Precarious: dependent on circumstances beyond one’s control; uncertain;unstable; insecure.
I want those interested in social and economic justice (as if the two can be seperated) to think more about the role precariousness in people’s lives. Below, I’ll explain why. Much of the theory behind this was not developed by me but by the Dutch Union of Precarious Housing and other people.
We often think of people as either having or not having things. Be they physical capital like money, legal capital like rights, or social capital like status and privileges. This is often presented as a black and white situation: either you have it or you don’t. But reality is often much more complex than that.

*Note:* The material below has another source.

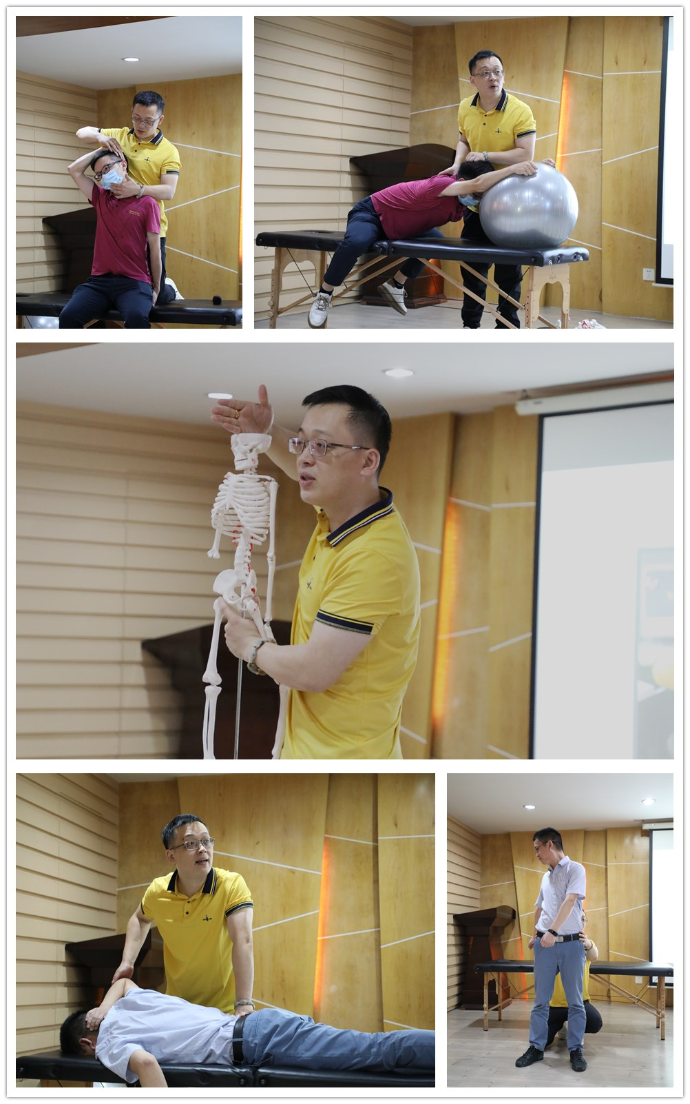 在兩個(gè)小時(shí)的講座中,韓寒老師結(jié)合自己多年的工作經(jīng)驗(yàn),講述了科學(xué)健身的重要意義,有針對(duì)性的介紹了正確的呼吸方式、頸痛腰痛的自我診斷手法以及緩解疼痛的鍛煉方法等。韓寒老師還邀請(qǐng)了現(xiàn)場(chǎng)觀眾上臺(tái)演示,并針對(duì)上臺(tái)觀眾自身頸的痛腰痛問(wèn)題,講授相應(yīng)的診斷手法和鍛煉方法,讓現(xiàn)場(chǎng)觀眾從實(shí)景模擬中切身感受到科學(xué)健身的重要性。

As an example, let’s look at homes. In the black and white image, people are either housed or homeless. But when you look at the reality, there is a whole spectrum of housing situations.
- Owning your own house without a mortgage. Very secure. Only if you were to have large debts could a judge force you to sell your house.
- Owning your own home with a mortgage. Pretty secure. Only if your income were to change to the point where you could no longer afford your mortgage could you be evicted. This is not easy for the lender.
- Renting an apartment with good tenant rights. Fairly secure. Only if your income were to change to the point where you could no longer afford your rent could you be evicted. This is easier for a landlord to achieve than it is to kick out a home owner.
- Renting an apartment on a temporary contract with dodgy tenant rights. Quite precarious. Your housing situation is secure only for the duration of your contract and only if you continue to pay the rent, and even then there are conditions under which you could be evicted.
- Motel hopping. Very precarious. If your money runs out for even a day, you are on the street immediately.
- Renting without a signed contract. Extremely precarious. You are at the mercy of your landlord’s whim.
- Squating. Extremely precarious. You can be forcibly evicted at any time.
- Homeless.
All people in cases 1 to 6 are not homeless, but the precariousness or their housing situation differs greatly. As a result, the lives they can build differ. Few people in highly precarious housing conditions would consider their situation a safe one in which to have and raise kids. You can’t build safely on precarious foundations.
There are more things in your life that can be secure of precarious: your job, your legal status, the custody over your children, your social status, your health, and more.
Oppression can increase the precariousness of any of these things. For example, disabled parents and parents of colour are far more likely to lose custody over their kids over minor incidents than abled and white parents. The custody they have over their children is more precarious. Black teenagers are much more likely to go to jail over petty crimes than white teenagers. Their rights are much more precarious than the rights of white teenagers. In some cases, privilege is precarious. For example, a trans man in the company of transphobes has male privilege only as long as his trans status is hidden. When he his outed, transphobes are going to treat him like the woman they thing he is. Passing privilege is also a precarious privilege. And like with all the things mentioned above, you can’t build safely on precarious foundations.
Precarious situations are like domino’s that topple each other. The more aspects of your financial, legal and social capital are precarious, the harder you’ll fall. If your job is the only thing in your life that is precarious, losing your job is probably going to be something you can recover from. But if your job and housing are both precarious, losing one is highly likely to result in losing the other. If the custody over your kids is also precarious, you might lose all three within the same week.
When we look at what people have and fail to consider whether all they have is secure or precarious, we miss a huge part of the picture. Someone may have a fine living space, a cool job, a great reputation and no infringements on their rights other than exist for every other citizen. But if their living space is on a temporary renting contract, they can be fired from their job at a moment’s notice and their membership of a minority group makes it likely that they will be judged harshly for small mistakes, then all they have can come crashing down in an instant. Their life is totally different from someone with the same living space, the same job, the same reputation and the same rights, but none of the insecurity.
We are living increasingly precarious lives. Look at the way the world has changed since the start of ‘the crisis’ and what you see is a ‘depression’ that took away a lot of secure jobs and houses and a ‘recovery’ that replaced it with highly precarious ones. In places where unemployment is decreasing, the new jobs are not the secure pre-crisis jobs, but highly precarious jobs with temporary contracts that can be terminated at short notice. We’re told to be more ‘flexible’ as employees, but this is just a euphemism for more willing to accept temporary precarious employment contracts. Corporations and governments are constantly inventing new ways to make our housing contracts, employment contracts and basic rights more precarious.
We may statistically see some form of ‘recovery’ from the financial crisis, but we’re all closer to being that person who can lose it all again in a day. Precariousness has become the foundation of the lives of the 99%, and of course no one is more effected by that than those whose lives were already more precarious because they did not have all the stability that white, cis, abled, straight, neurotypical, healthy privilege provides.
Precariousness is more and more of the reality of our lives and it’s something we’re going to have to be more aware of if we want to fight back against our social and economic oppression.